STORED DATA:
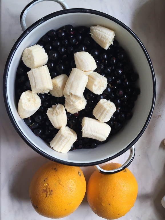 Ягоды, банан и апельсин (выжимаю сок с мякотью, можно просто очистить и постараться удалить перепонки), цедра апельсина перемалываются в блендере.
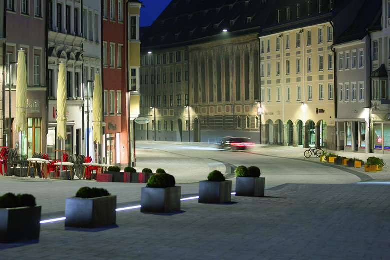 Er heißt nicht Marktplatz, nicht Rathausplatz und ist nicht nach einer historischen Persönlichkeit benannt. Beim Mittelpunkt des städtischen Lebens von Landsberg am Lech ist der Name Programm und so ist er als Hauptplatz im Stadtplan verzeichnet. Seinen ungewöhnlichen, dreieckigen Grundriss säumen das Rathaus, die Pfarrkirche Maria Himmelfahrt, zahlreiche Geschäfte und Restaurants. Sehenswürdigkeiten wie der Marienbrunnen und der Schmalzturm locken Touristen an. An Markttagen und bei Festen trifft sich hier die Bürgerschaft. Nach einer grundlegenden Neugestaltung lockt der Hauptplatz seit Herbst dieses Jahres mit ganz neuen Qualitäten. Eine von ihnen ist die Beleuchtungslösung. Der Platz inmitten der historischen Altstadt wird von modernen LED-Leuchten erhellt, die an Masten, Wänden und Seilen montiert sind.
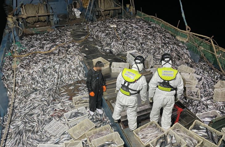 지난 15일 남해어업관리단에 단속된 중국 쌍타망 어선의 모습. 해양수산부 제공
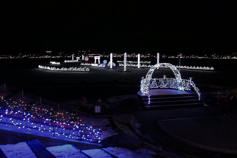 諏訪市湖畔公園の御柱イルミネーション。
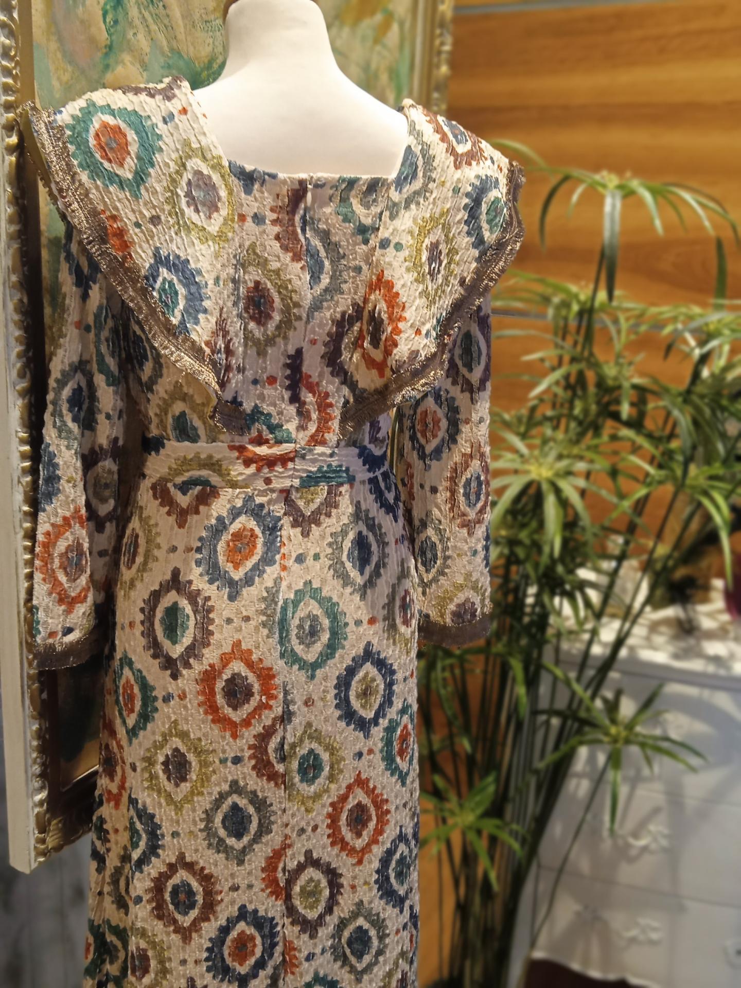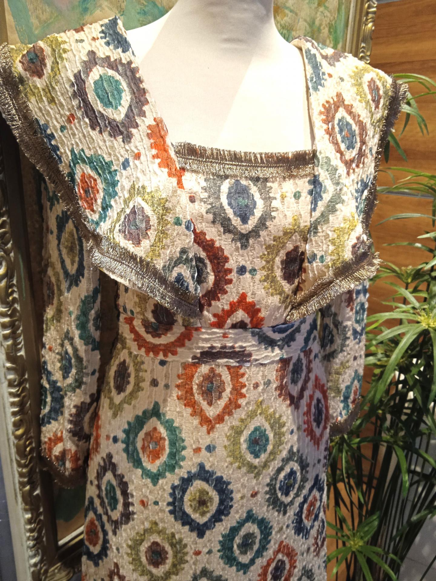 Vestido midi con estampado etnico en crep de punto, tejido elástico. Es tejido tiene mucha caida y un tacto muy agradable. Lleva cremallera invisite en la espalda, con solapas desde la parte delantera a la trasera. Es ideal!!
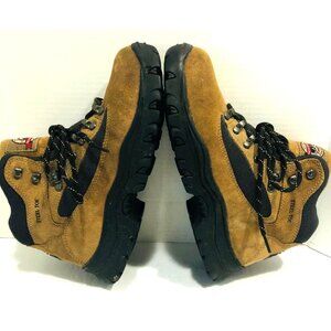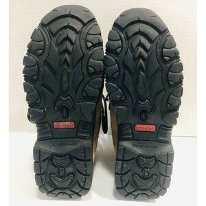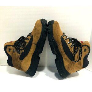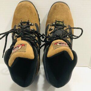 BC. Brahma Blaze. Good condition - minimal wear minor sock piling. Tan/black. Suede. Lace-up. Steel toe. 1.5 heel. 4.75 shaft. Ankle boots. Style 2522248. Size 9W. Shipped boxed.
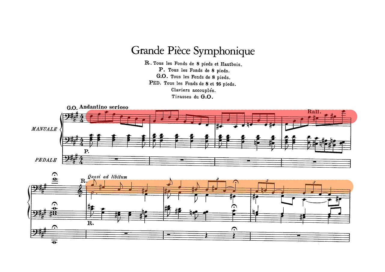 그는 순환 형식(Cyclic Form)과 반음계적 화성을 탐구하며, 《Six Pièces pour grand orgue》 중 《Grande Pièce Symphonique》에서 주제의 반복과 변형을 통해 작품 전체의 통일성을 구축하고, 화성과 음색 대비로 긴장감을 극대화했다. 점층적으로 확대되는 클라이맥스 속에서 작은 모티프가 작품 전반을 지배하는 교향적 전개가 나타난다. 또한 오르간의 각 스톱을 오케스트라처럼 활용하여 다양한 음향 층위를 설계할 수 있음을 입증했다.

EXERCISE DETAILS: Take the line that contains "Vestido midi con" and all lines after it to the end of the material above, and copy them verbatim without any images.

REPLY TO THE TASK:
 Vestido midi con estampado etnico en crep de punto, tejido elástico. Es tejido tiene mucha caida y un tacto muy agradable. Lleva cremallera invisite en la espalda, con solapas desde la parte delantera a la trasera. Es ideal!!
 BC. Brahma Blaze. Good condition - minimal wear minor sock piling. Tan/black. Suede. Lace-up. Steel toe. 1.5 heel. 4.75 shaft. Ankle boots. Style 2522248. Size 9W. Shipped boxed.
 그는 순환 형식(Cyclic Form)과 반음계적 화성을 탐구하며, 《Six Pièces pour grand orgue》 중 《Grande Pièce Symphonique》에서 주제의 반복과 변형을 통해 작품 전체의 통일성을 구축하고, 화성과 음색 대비로 긴장감을 극대화했다. 점층적으로 확대되는 클라이맥스 속에서 작은 모티프가 작품 전반을 지배하는 교향적 전개가 나타난다. 또한 오르간의 각 스톱을 오케스트라처럼 활용하여 다양한 음향 층위를 설계할 수 있음을 입증했다.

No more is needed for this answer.